Funkcjonariusze z grupy SPEED zatrzymali 45-letniego kierowcę autobusu za przekroczenie prędkości o 44 km/h. Okazało się, że przekroczenie prędkości to nie jedyny zarzut wobec mężczyzny, który okazał się być obywatelem Ukrainy.
– Mężczyzna zwrócił na siebie uwagę policji na ulicy Krzywoustego w Poznaniu, gdzie jechał zdecydowanie za szybko. Funkcjonariusze natychmiast spostrzegli silny odór alkoholu wydobywający się z ust 45-latka. Przeprowadzone badanie alkomatem potwierdziło podejrzenia policjantów: urządzenie wykazało obecność w organizmie mężczyzny ponad pół promila alkoholu – poinformował młodszy aspirant Łukasz Paterski, rzecznik prasowy Komendy Miejskiej Policji w Poznaniu.
Autobusem, który kierował nietrzeźwy Ukrainiec, podróżowali przede wszystkim jego rodacy zmierzający z Zielonej Góry do Chersonia. Po zatrzymaniu pijanego kierowcy, ten stracił prawo jazdy.

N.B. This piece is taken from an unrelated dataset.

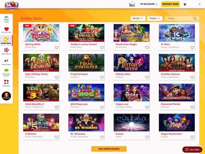 Slot Madness Casino 由 Real Time Gaming and Spinlogic Gaming提供支持,它拥有一个游戏库,可通过可下载的软件和即时播放模式访问,但并非所有游戏都可以在基于网络的平台上使用。

– Autobus został odholowany na parking policyjny, a pasażerowie musieli przesiąść się do innego pojazdu. Za prowadzenie pojazdu w stanie nietrzeźwości grozi mężczyźnie kara do 3 lat pozbawienia wolności, sankcja sądowego zakazu prowadzenia pojazdów oraz wysoka grzywna. 45-latek odpowie także za przekroczenie prędkości. Na szczęście nikt nie ucierpiał w wyniku tego incydentu – dodał rzecznik Paterski.